The fourth industrial revolution, posthumanism and the new man in Christ

The rapid development of Artificial Intelligence raises major moral challenges. Among these is the expectation that machines will develop higher capacities than humans. According to influential philosophers, a posthumanist era has begun (Wolfe 2009; Braidotti 2012). Some anticipate the end of humanity but others, so-called transhumanist posthumanists, expect a boundary-blurring co-evolution between humans and technology. Among them are theologians. According to them, the so-called fourth industrial revolution – in particular AI – should take humans to a higher level (Bostrom 2003; Putnam 2011).
Transhumanism implies penetrating questions for Christian ethics. Did God not assign to human beings a well-defined created nature to which they must remain faithful? Isn’t a connection between man and technology, which enhances mental and physical capacities, unnatural? When do we transgress God-ordained boundaries? Such ethical questions provoke renewed reflection on Christian anthropology (Garner 2006; Cortez 2010; Boeve, De Maeseneer, Van Stichel 2014). This paper contributes to that.
(1) It first analyzes the posthumanist challenge by surveying both technological developments and prominent posthumanist theories, often connecting technological with ecological and gender-queer reflection (Haraway 1985.1991.1997; Latour 2005; Verbeek 2011; Floridi 2014).
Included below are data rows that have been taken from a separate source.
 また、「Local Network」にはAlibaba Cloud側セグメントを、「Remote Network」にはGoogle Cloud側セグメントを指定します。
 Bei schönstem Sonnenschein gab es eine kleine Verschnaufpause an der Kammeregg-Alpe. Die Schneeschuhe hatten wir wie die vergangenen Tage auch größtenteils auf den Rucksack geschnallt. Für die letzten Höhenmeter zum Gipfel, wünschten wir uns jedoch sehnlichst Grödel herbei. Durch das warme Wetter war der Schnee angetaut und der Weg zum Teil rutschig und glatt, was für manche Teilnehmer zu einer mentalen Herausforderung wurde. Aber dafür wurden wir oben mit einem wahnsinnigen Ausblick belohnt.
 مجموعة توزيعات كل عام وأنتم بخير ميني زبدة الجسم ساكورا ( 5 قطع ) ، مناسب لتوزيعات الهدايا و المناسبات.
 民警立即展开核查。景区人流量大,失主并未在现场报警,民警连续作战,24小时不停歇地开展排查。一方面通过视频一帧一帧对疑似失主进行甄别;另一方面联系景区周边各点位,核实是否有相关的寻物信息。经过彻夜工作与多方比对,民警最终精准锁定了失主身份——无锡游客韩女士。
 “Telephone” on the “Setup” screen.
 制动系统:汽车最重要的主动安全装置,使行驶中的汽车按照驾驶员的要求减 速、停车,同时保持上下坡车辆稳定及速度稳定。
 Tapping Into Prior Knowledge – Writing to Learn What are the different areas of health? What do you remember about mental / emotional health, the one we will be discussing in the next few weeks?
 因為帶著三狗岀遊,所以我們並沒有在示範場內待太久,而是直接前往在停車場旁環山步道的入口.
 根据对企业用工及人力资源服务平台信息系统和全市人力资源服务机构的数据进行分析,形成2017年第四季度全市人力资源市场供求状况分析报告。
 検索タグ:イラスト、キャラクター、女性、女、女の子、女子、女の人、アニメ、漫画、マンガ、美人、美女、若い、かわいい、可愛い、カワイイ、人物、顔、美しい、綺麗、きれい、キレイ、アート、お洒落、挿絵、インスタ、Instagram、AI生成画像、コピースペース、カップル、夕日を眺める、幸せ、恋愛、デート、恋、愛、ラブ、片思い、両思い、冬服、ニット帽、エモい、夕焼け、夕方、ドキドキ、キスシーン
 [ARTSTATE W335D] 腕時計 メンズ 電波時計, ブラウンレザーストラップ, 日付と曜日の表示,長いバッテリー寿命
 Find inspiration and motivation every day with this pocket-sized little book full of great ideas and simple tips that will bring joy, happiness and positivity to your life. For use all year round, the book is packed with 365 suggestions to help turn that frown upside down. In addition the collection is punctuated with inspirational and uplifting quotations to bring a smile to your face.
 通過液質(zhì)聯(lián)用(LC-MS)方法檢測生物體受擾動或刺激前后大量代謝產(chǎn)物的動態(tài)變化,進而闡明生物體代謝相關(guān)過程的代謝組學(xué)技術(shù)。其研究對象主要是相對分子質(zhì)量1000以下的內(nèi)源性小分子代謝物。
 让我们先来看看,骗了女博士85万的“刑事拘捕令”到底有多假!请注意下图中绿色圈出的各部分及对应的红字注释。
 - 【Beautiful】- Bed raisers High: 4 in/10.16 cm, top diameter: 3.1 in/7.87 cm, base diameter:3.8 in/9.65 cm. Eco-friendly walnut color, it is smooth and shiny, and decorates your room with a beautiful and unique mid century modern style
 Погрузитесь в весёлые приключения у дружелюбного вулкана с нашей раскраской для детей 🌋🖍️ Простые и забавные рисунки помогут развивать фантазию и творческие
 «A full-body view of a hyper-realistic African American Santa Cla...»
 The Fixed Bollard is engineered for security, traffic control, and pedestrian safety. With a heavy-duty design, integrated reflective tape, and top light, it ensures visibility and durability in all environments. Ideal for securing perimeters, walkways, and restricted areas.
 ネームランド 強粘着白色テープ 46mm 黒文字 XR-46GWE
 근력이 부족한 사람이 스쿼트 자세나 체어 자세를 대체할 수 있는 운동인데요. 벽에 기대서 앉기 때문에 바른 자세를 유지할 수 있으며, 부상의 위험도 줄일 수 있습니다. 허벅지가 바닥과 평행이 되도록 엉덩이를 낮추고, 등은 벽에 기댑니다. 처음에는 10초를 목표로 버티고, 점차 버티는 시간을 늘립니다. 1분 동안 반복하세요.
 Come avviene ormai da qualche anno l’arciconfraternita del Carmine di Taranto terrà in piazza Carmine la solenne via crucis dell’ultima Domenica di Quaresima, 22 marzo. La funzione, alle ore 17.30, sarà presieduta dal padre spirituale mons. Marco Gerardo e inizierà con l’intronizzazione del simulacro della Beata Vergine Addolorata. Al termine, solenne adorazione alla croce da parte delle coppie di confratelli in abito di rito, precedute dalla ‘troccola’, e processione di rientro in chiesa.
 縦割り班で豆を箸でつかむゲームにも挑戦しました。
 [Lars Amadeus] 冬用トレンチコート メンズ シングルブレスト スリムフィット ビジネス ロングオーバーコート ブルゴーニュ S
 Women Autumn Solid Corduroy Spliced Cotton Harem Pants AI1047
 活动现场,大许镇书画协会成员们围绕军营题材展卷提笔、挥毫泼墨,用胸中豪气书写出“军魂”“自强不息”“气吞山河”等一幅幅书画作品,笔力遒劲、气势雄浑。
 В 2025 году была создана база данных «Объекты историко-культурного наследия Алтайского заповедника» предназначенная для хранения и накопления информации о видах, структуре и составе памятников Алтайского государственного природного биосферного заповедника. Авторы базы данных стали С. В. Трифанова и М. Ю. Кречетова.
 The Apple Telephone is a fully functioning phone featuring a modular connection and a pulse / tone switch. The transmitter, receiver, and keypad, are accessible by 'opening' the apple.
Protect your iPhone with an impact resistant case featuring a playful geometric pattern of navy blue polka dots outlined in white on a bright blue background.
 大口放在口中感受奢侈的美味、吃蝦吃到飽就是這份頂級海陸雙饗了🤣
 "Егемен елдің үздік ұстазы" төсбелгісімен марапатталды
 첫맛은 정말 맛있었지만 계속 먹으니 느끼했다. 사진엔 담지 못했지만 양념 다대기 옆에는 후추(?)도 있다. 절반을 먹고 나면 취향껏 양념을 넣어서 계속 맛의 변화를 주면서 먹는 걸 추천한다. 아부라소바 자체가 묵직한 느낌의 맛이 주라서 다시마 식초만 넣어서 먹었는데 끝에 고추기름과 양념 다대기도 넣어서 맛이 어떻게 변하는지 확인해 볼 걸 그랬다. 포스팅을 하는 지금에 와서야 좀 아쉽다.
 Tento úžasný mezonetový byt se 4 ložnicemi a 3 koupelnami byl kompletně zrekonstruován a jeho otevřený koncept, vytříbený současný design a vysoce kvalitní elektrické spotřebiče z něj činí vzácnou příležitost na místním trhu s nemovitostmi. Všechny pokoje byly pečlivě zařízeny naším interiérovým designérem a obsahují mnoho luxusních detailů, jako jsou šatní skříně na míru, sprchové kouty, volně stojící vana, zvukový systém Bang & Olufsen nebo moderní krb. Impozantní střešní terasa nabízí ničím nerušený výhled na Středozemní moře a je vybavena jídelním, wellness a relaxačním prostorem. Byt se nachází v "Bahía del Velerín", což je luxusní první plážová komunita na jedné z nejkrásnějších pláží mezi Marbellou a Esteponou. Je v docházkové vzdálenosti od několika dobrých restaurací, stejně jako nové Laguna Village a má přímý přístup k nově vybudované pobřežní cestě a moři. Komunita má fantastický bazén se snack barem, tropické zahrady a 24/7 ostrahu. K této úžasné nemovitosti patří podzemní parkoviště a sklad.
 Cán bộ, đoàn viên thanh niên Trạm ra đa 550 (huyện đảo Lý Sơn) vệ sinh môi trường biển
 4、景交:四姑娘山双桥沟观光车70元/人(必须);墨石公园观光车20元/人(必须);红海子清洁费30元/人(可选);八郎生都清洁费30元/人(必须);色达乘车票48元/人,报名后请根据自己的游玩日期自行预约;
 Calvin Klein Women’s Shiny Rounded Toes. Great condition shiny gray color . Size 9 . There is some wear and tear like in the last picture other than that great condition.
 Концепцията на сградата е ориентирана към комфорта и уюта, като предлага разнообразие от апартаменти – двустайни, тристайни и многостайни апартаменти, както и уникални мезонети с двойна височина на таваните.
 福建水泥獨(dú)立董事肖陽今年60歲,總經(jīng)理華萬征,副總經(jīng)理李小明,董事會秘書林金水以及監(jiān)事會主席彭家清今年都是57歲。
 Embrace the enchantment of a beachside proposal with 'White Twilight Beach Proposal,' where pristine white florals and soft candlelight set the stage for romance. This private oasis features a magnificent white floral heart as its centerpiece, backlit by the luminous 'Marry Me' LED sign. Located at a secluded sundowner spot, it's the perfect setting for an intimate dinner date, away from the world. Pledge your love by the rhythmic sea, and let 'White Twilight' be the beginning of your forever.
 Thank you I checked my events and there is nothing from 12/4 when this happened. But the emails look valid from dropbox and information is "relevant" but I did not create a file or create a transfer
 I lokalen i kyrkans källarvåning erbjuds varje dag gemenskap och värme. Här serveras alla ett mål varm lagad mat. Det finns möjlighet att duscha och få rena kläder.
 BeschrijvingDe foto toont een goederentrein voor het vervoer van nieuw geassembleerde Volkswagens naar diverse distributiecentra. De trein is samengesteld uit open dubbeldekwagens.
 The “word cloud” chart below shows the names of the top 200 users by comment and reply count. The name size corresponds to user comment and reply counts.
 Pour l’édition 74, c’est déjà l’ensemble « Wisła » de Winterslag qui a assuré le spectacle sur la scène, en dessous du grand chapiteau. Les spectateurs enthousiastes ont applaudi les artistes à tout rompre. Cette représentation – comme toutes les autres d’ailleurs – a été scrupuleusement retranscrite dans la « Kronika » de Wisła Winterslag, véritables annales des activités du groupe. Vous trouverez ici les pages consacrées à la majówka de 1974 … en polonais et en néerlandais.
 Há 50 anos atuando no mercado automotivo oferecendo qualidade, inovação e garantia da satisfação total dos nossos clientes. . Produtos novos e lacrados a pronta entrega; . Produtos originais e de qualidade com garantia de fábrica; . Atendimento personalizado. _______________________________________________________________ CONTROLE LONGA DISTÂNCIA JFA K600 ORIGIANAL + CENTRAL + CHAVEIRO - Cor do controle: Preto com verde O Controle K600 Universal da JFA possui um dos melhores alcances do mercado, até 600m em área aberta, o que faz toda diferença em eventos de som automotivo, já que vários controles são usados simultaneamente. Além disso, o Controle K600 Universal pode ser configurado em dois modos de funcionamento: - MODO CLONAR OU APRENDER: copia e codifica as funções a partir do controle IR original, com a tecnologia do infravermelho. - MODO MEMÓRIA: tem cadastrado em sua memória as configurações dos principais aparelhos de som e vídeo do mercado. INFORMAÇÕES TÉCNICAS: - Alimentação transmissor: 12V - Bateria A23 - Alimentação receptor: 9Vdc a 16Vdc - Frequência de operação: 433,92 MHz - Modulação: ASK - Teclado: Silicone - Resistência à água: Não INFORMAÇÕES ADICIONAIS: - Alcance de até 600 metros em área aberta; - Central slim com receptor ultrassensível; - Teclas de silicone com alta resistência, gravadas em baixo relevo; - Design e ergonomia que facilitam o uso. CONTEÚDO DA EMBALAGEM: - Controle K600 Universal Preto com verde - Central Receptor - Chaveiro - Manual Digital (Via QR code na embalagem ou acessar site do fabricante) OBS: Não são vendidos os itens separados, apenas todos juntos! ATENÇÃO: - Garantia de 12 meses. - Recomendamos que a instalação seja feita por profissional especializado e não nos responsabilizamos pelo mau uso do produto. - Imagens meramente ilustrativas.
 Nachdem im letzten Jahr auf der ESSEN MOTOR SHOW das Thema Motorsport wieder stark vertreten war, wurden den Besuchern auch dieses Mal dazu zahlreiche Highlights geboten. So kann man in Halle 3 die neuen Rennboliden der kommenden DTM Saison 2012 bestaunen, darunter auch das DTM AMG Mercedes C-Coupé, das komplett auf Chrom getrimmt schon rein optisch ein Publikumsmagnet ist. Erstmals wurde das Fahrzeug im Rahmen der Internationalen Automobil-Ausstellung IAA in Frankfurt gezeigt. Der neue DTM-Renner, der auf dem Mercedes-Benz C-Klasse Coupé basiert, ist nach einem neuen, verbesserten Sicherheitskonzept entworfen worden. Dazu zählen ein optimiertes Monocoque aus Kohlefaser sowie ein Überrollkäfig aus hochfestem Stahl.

(2) Next, the paper offers a typology of theological responses to the posthumanist challenge to Christian anthropology. These range from defensive-concerned (Brock 2010; Waters 2006; Bonhoeffer 1954; see also Heidegger 1954; Ellul 1964; Fukuyama 2003), through normatively-ordered (Waters 2014; Herzfeld 2002. 2009) and progressive-accepting (Hefner 1993) to radical-destabilizing (Peters 2015; Bostrom 2012; Scott 2010; Thweatt-Bates 2012; Midson 2018).
(3) Following that, it concentrates on the recent proposal of Midson (Manchester) to broaden theological “anthropology” to “cyborgology”. Thus, he develops a relational, hybrid and fluid concept of “imago Dei”. The traditional vision of man’s special position in the Garden of Eden, he claims, has caused a deadlock between technophilia and technophobia among Christians. Midson also denies a “fall” caused by the serpent. He interprets the serpent as “cyborg”, challenging clean distinctions between humans and other creatures.
(4) The paper then elaborates selected theological notions from the aforementioned positions to sketch a theological-anthropological answer to recent technological challenges.
a. The first notion concerns the meaning of “imago Dei” and the question whether that theme suffices for a biblical response to the posthumanist challenge.
b. The second notion asks whether man’s eschatological transformation into “the new man” could justify receptivity to profound technological transformations of humanity.
c. The third notion regards the concept of “naturalness” and considers whether man’s createdness from “dust of the earth” justifies an intertwining of man and matter – and thus human interrelatedness with technology.
(5) Finally, the paper suggests a Christocentric perspective to fruitfully address ethical challenges concerning recent technologies. Remarkably, Christ – though being Creator, new man and sum of all reality (Colossians 1) – appears to be absent from much recent theological reflection in this field. This Christocentric perspective is substantiated from Hebrews 2 and Bonhoeffer’s ethics as well as applied to some ethical challenges.